Quand nous étions orphelins – Kazuo ISHIGURO

Ce n’est pas le premier roman que je lis de cet auteur, mais c’est le premier depuis qu’il est devenu Prix Nobel de Littérature.

Je retrouve une écriture très 19e siècle qui ne me déplaît pas, mais que je n’ai plus l’habitude de lire.

Et, comme la dernière fois, j’ai aimé le début de l’histoire, puis j’ai trouvé que tout partait à vau-l’eau : le monde de Christopher et l’histoire.

Celui-ci nous raconte son passé en alternance avec le présent.

Puis il part pour Shanghaï à la recherche de ses parents qui ont sans doute été enlevé il y a plus de 20 ans. Mais il espère les retrouver vivant. Etrange.

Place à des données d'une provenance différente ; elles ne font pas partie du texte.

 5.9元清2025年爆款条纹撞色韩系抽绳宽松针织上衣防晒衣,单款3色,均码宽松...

Et puis une fois arrivé sur place, tout le monde pense qu’il va sauver la paix (Japonais et chinois s’affrontent dans des combats sanglants). Pourquoi lui, un simple détective ?

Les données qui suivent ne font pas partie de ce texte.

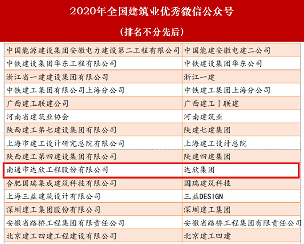 近日,由建筑時報社主辦的2020年建筑業(yè)微信公眾號運維經(jīng)驗交流研討會暨2020年全國建筑業(yè)優(yōu)秀微信公眾號頒獎典禮在揚(yáng)州召開。會上,公布了2020年全國建筑業(yè)“最具影響力”微信公眾號和2020年全國建筑業(yè)優(yōu)秀微信公眾號榜單。達(dá)欣集團(tuán)獲得2020年全國建筑業(yè)優(yōu)秀微信公眾號。

Au cours de son périple sous les bombes, il retrouve son ami d’enfance japonais sévèrement blessé. Il le sauve, mais le laisse ensuite entre les mains de sa hiérarchie qui n’aura aucune considération pour celui qu’elle considère comme un traître.

Bref, il ne m’a pas plu, cet orphelin qui n’a pas grandi.

Alors oui, l’auteur nous montre un monde en déliquescence, et pousse même son roman jusqu’au bord de l’abîme.

Un auteur qui n’est sans doute pas pour moi.

L’image que je retiendrai :

Celle des stores dont les lamelles, si essentielles, ne tiennent que par un petit cordon.